My self-defense instructor encouraged me hit the dummy with more force, so I exerted more force on my arm and it accelerated more rapidly. Yea for physics! But how does my increased force on my own arm cause me to hit the dummy with more force? — RL
Suppose you’re defending yourself against an attacker and you find that you have to hit them, either with your hand or with your fist. Two of the most important features of the impact between your hand and the person are how hard you push on the person and for how long.
The technical term for that push on the other person is a force; you exert a force on the other person. And a force is one of those physical quantities that has a direction to it. You can exert a force on someone toward the right or you can exert a force on someone toward left. Direction matters. Another thing about forces is that they’re always exerted between two thing, for example, you pushing on the other person. Forces don’t just exist by themselves; you can’t carry a force with you. You exert a force on something else.
That leaves this intuitive notion that you carry something with you during the wind up to an impact a little fuzzy. What is it you’re caring if you’re not carrying a force? Well, there is something you’re carrying: it’s known as momentum and momentum is a conserved physical quantity. That means you can’t create momentum or destroy momentum; all you can do is move it from one object to another.
In this respect momentum resembles money. Money is a conserved quantity, too, assuming that you don’t print it up in your basement (you are a law-abiding citizen) or you don’t destroy it (you’re not goofy).
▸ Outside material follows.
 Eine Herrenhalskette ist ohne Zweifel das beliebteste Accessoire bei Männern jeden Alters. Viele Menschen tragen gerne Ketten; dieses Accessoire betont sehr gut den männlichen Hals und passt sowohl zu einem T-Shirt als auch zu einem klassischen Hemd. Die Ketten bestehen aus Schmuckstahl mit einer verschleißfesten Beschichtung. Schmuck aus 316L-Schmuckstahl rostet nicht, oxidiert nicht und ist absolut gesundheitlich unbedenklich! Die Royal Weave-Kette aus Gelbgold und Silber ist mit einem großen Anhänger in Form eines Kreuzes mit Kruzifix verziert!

Money is conserved and goes from person to person to person. It is the conserved quantity of finance. Correspondingly, momentum is the conserved quantity of motion.
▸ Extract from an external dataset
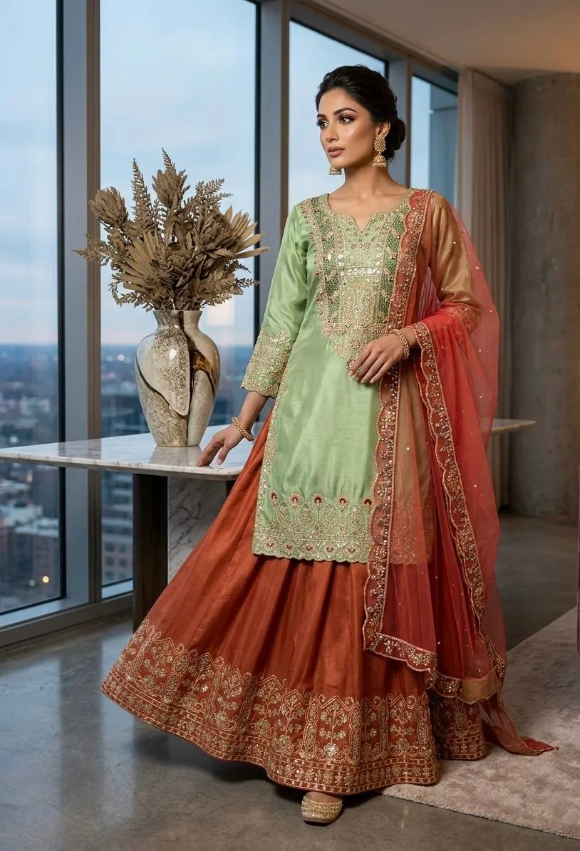Select options This product has multiple variants. The options may be chosen on the product pageRed Chinon Silk Peplum Kurti with Heavy Embroidery and Flared Lehenga Set for Women

If you want to start moving to the right, you I have to accumulate some rightward momentum. Momentum, like force itself, has a direction to it. There’s momentum to the right; there’s momentum to the left. They are different, so if you want to move to the right, you have got to accumulate rightward momentum. The same is true of your hand or your fist, when you’re going after that attacker. If you want your fist to be really quick and move to the right rapidly, you have to invest a lot of rightward momentum into your fist.
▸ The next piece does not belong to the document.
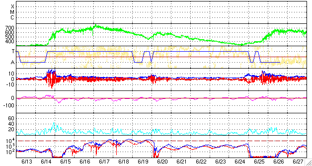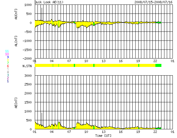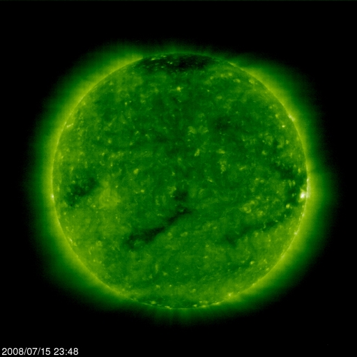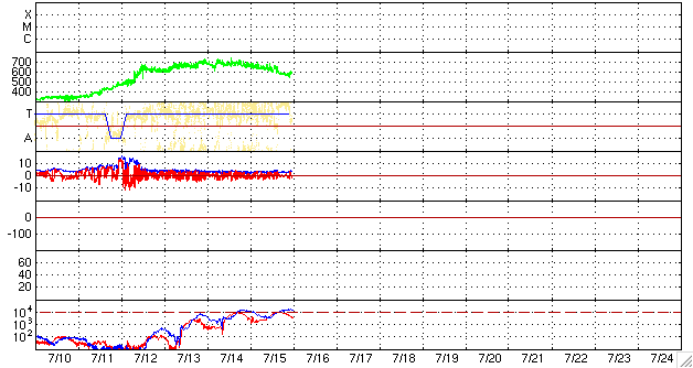 2008/ 7/16 09:04 更新 高速太陽風は後半に入り、速度が下がり始めました。もうしばらく高速状態が続くでしょう。 担当 篠原 高速太陽風は、最高速度の領域を超え、ゆっくりと速度の低下が始まっています。 昨日は、700km/秒近い速度がありましたが、 1日経った現在は、550-600km/秒に下がっています。 まだ、速度としては、十分高速の状態です。 磁場強度は、3nTほどとやや弱まった状態で安定しています。 27日周期の図を見ると、速度の下がり方も前周期の変化とよく似ています。 AE指数によると、磁気圏活動は、図の前半で300nTくらいの小規模変動が見られ、 後半は静穏に変わっています。 太陽風磁場の南向き成分の変化が、より効いているのですが、 速度が下がっていることも、活動を弱める原因となっているでしょう。 太陽風の速度は下がり始めましたが、このまますぐに低速風にはならず、 明日くらいにもう一山やってくる可能性があります。 27日周期の図で、6月20日に見えている速度の盛り上がりです。 この時は、一時的に600km/秒まで回復しています。 今回はどうなるでしょうか。 また、SOHO EIT195の太陽コロナ写真では、 太陽の中心に細長いコロナホールが見えています。 前周期はほとんど見えていなかったコロナホールで、 この変化による太陽風の変化も今後注目されます。 放射線帯高エネルギー電子は、増加は止まり、 警戒レベルに達したところで安定しています。 衛星の運用などでは注意が必要です。 高エネルギー電子は、明日の太陽風の変化で大きく減少する可能性があります。 太陽は無黒点で、とても穏やかです。 SOHO EIT195による、太陽コロナの様子。16日0時半(世界時15日23時半)。 (c) SOHO (ESA & NASA) ![]() ACEが観測した太陽風の磁場(1番上の枠、白線は全体の強度、赤線は南北成分) および、太陽風の密度(3番目の橙線)、速度(4番目の黄線) (c) NOAA/SWPC ![]() リアルタイムAE指数 下段のAEグラフの値が高くなると、オーロラ活動が活発化しています。 (c) 京都大学, NICT ![]() シベリアで観測された3日間の磁場データ 右側の3分の1が、昨日のデータになります。グラフが上がったり下がったりすると、オーロラ活動が活発化しています。 (c) NICT ![]() 27日の太陽周期に合わせたデータプロット 太陽が同じ面を地球に向けていた27日前の変化から、今後を予想することができます。 (c) NICT

To do that, you have to get that momentum from somewhere because you can’t make it. You can’t just cooking it up from nowhere. It comes from the ground and from the rest of your body. You pour rightward momentum—let’s suppose the bad guys are over to your right—you pour rightward momentum into your own fist. That momentum comes out of the rest of you and you do this how? By exerting a rightward force on your own fist.
You can do this—you can think of yourself as two separate parts: (1) your overall body and maybe your shoulder, and (2) the rest of you, your arm and your hand. So you’re pouring rightward momentum into your fist, at the expense of everything else. You actually can end up going backwards if you’re not careful
So you pour the rightward momentum into your hand and the amount of rightward momentum your hand accumulates is equal to the force you exert on your hand times the time over which you exert that force. The harder you push your hand and the longer you push your hand, the more rightward momentum it accumulates. If you want a fierce impact, You want to put a lot of rightward momentum into your hand. That means you push hard and you push long. You don’t go gently; you get going! You pour the momentum in so that its all accumulated.
This is this is the case not just for for punching somebody. It’s also the case for throwing a baseball. If you really want it to go fast, you need to take a long windup and you pour the rightward momentum into the baseball over as long a distance and with as much force as you can summon. Pack it full of rightward momentum, and off it goes. The same with a hammer. You pour rightward momentum into it, get it going and pack it full of momentum. When it hits the nail, its going to pack a wallop.
Okay, so now on to the impact. You have invested momentum in your hand; now when your hand hits something, it invests momentum in what it hits: the other guy, the bad guy. Your hand, which is chock-full of rightward momentum impacts that other person and transfers much or maybe even all its rightward momentum to that person by way of a force for a time. It’s passing along that momentum and it turns out that it can pass all of its momentum in a variety of different patterns. It can either pass along all its momentum with a gentle force over a long time, by pushing the person as they go away, or it can transfer all its momentum with a giant force for a short time.
If you hit knuckles to jaw, that impact is fierce and involves a big force, but not for very long. All the moment goes over in a jiffy. So a momentum transfer, it turns out, the amount of momentum you the put into something or transfer to something, is just this product of force times time. You can use a little force for a long time, or a big force for a short time; both of them can transfer the same momentum.
Well, if you really want to stun somebody, you want to make the transfer quick—short time, big force—and so that’s the bare-knuckle fight. It hurts. On the other hand, if you put on big fluffy gloves and delay or prolong the impact, it’s a little force for a big time. It more pushes you, but it doesn’t have that peak impact force that hurts.
So there you have it: if you’re trying to defend yourself against an attacker and you punch them, you do it by accumulating as much momentum toward the bad guy as possible. Use a big force for a big time, whatever you can do to get a lot of forward momentum into your knuckles and into hand. At the impact point—the moment when when you touch the other person—you want to transfer all that momentum to the other person, perhaps by way a big force for a short time. That’ll hurt everybody involved, you included, but, in any case, hopefully it will have the desired effect of getting the bad guy to go away and leave you alone.